Our ordinary shares are currently traded on the Nasdaq Capital Market under the symbol “CHEK.” On July 11, 2016, the closing sale price of our ordinary shares was $1.43 per share.
THIS INVESTMENT INVOLVES A HIGH DEGREE OF RISK. YOU SHOULD PURCHASE SHARES ONLY IF YOU CAN AFFORD A COMPLETE LOSS OF YOUR INVESTMENT. SEE “RISK FACTORS” BEGINNING ON PAGE 6 FOR A DISCUSSION OF RISKS APPLICABLE TO US AND AN INVESTMENT IN OUR ORDINARY SHARES.
NEITHER THE SECURITIES AND EXCHANGE COMMISSION NOR ANY STATE SECURITIES COMMISSION HAS APPROVED OR DISAPPROVED THESE SECURITIES, OR DETERMINED IF THIS PROSPECTUS IS TRUTHFUL OR COMPLETE. ANY REPRESENTATION TO THE CONTRARY IS A CRIMINAL OFFENSE.
The date of this prospectus is July 12, 2016
TABLE OF CONTENTS
This prospectus is part of a registration statement that we filed with the Securities and Exchange Commission (the “SEC”). This prospectus does not contain all the information provided in the registration statement we filed with the SEC. For further information about us or our securities offered hereby, you should refer to that registration statement, which you can obtain from the SEC as described below under “Where You Can Find More Information.”

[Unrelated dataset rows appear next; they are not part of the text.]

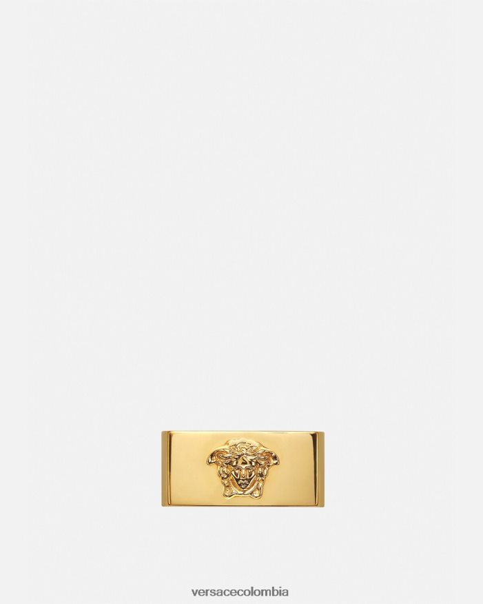 un anillo cúbico con una letra de versace grabada y una tachuela de medusa. Todos los productos de joyería de Versace no contienen plomo ni níquel. Todos los materiales son hipoalergénicos.
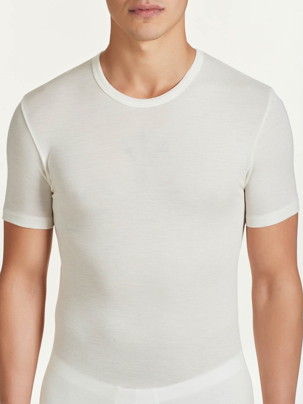 Maglietta girocollo a manica corta in preziosa maglia unita di lana e seta.
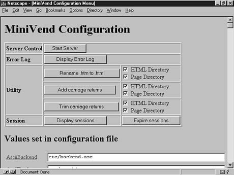MiniVend can run in two different modes. In static mode, each CGI catalog request loads the database to generate the catalog page. In server mode, you start up a MiniVend server process that loads the product database once and serves the remaining CGI requests with the product information. As you can well imagine, server mode is much faster and is recommended. When you run in server mode, and your server goes down for some reason, one nice feature causes an automatic e-mail notification when someone attempts to access your catalog but cannot do so because the server is down.

You should rely only on the information contained or incorporated by reference in this prospectus or any prospectus supplement. We have not authorized any other person to provide you with different information. If anyone provides you with different or inconsistent information, you should not rely on it. This prospectus is not an offer to sell securities, and it is not soliciting an offer to buy securities, in any jurisdiction where the offer or sale is not permitted. You should assume that the information appearing in this prospectus or any prospectus supplement, as well as information we have previously filed with the SEC and incorporated by reference, is accurate as of the date of those documents only. Our business, financial condition, results of operations and prospects may have changed since those dates.
The following summary is qualified in its entirety by, and should be read in conjunction with, the more detailed information and financial statements incorporated by reference into this prospectus. In addition to this summary, we urge you to read the entire prospectus carefully, especially the risks discussed under “Risk Factors” on page 6 before making an investment decision.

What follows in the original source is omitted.